Can you see the problem with the above design? This seems like an improvement since all of the work is done on the customer VRFs which seems doable as part of customer provisioning. However what we’ve really just accomplished here is advertising all customer networks to all other customers. If all customer VRFs import and export the provider route target then every customer will see every other customers routes which sort of defeats the purpose of what we’re trying to do here with VRFs. The real solution here is to use distinct import and export route targets for the provider network…

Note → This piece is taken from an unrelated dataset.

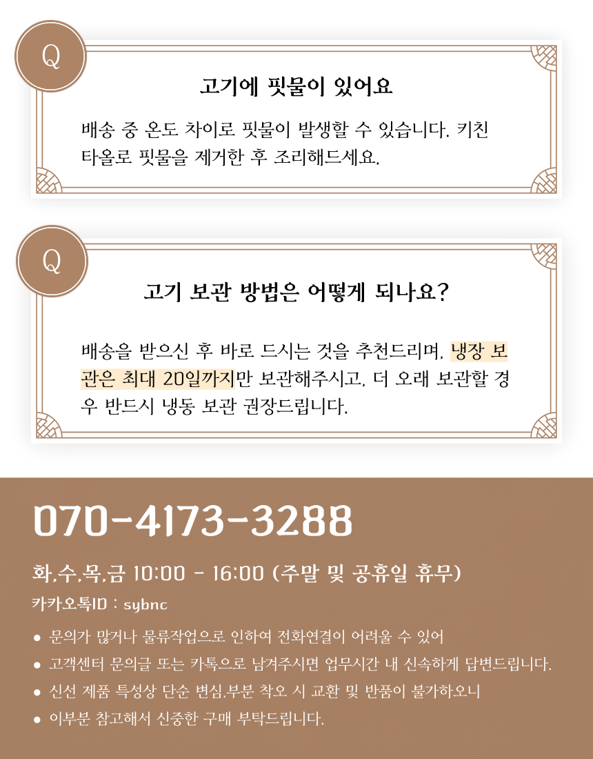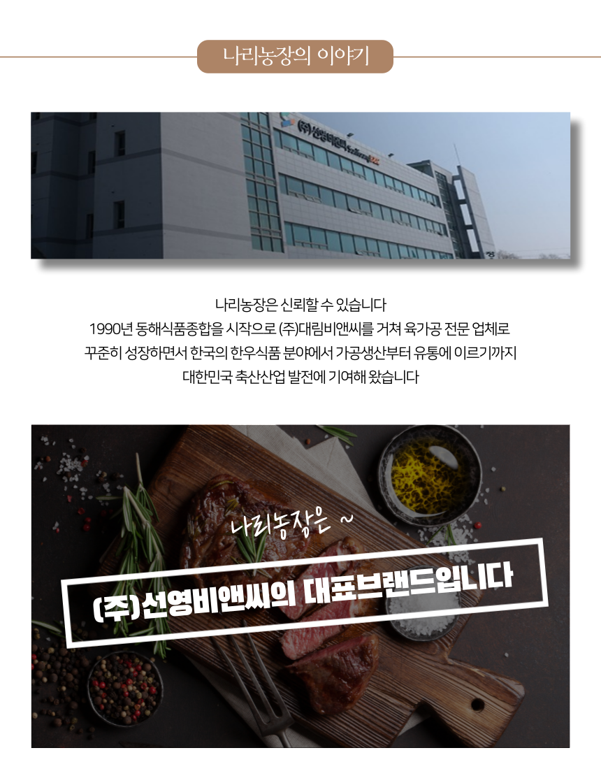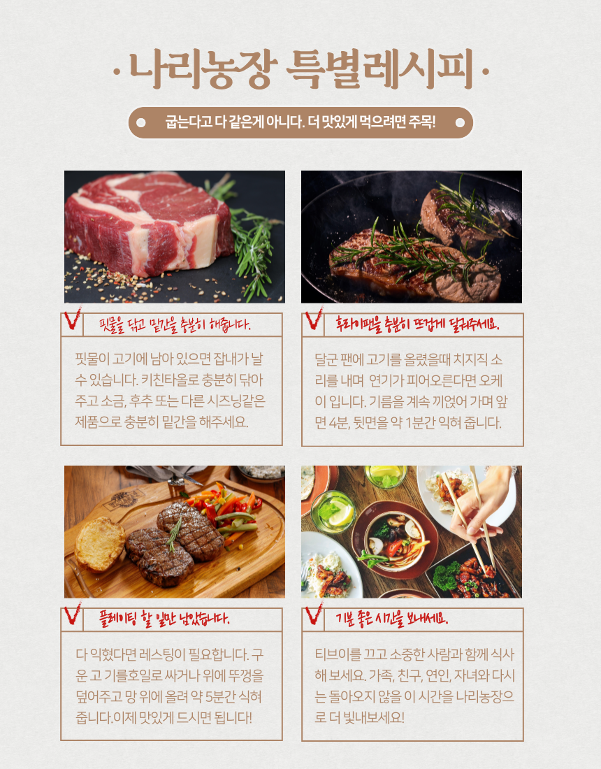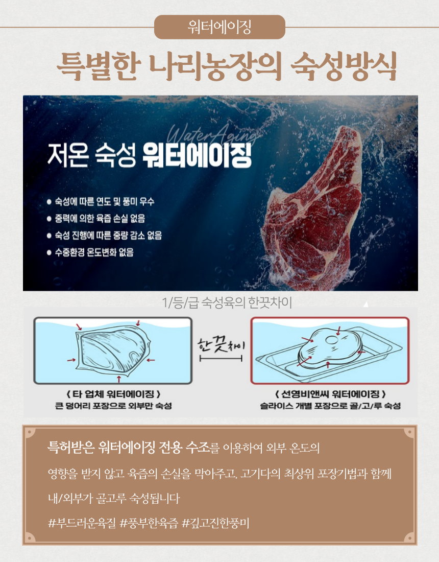 1. 믿을 수 있는 품질 : 특허받은 워터에이징 전용 수조를 이용하여 외부 온도의 영향을 받지 않고 육즙의 손실을 막아주고, 최상위 포장기법과 함께 내/외부가 골고루 숙성됩니다.
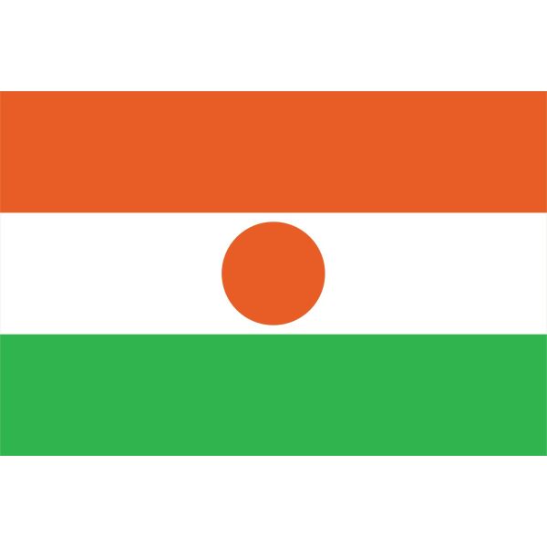 This sticker features the national flag of Niger, showcasing its distinct design of orange, white, and green stripes with an orange circle. Perfect for showcasing patriotism or adding vibrant color to any surface. Great for decorating personal items such as laptops, notebooks, or vehicles.

In doing so the provider VRF does import and export with unique route targets. This means that each customer can import the provider exported routes AND the provider can import a unique route target that is exported from each customer. In our example, routes coming from the provider are associated with the target outof_provider meaning they are advertised out of the provider VRF into the backbone. These routes then need to be imported into each customer VRF. Then each customer exports it’s routes with it’s own unique route target as well as the into_provider route target which the provider network then imports. This prevents customer prefixes from being imported into other customer VRFs at the same time as allowing bidirectional communication between customers and the provider.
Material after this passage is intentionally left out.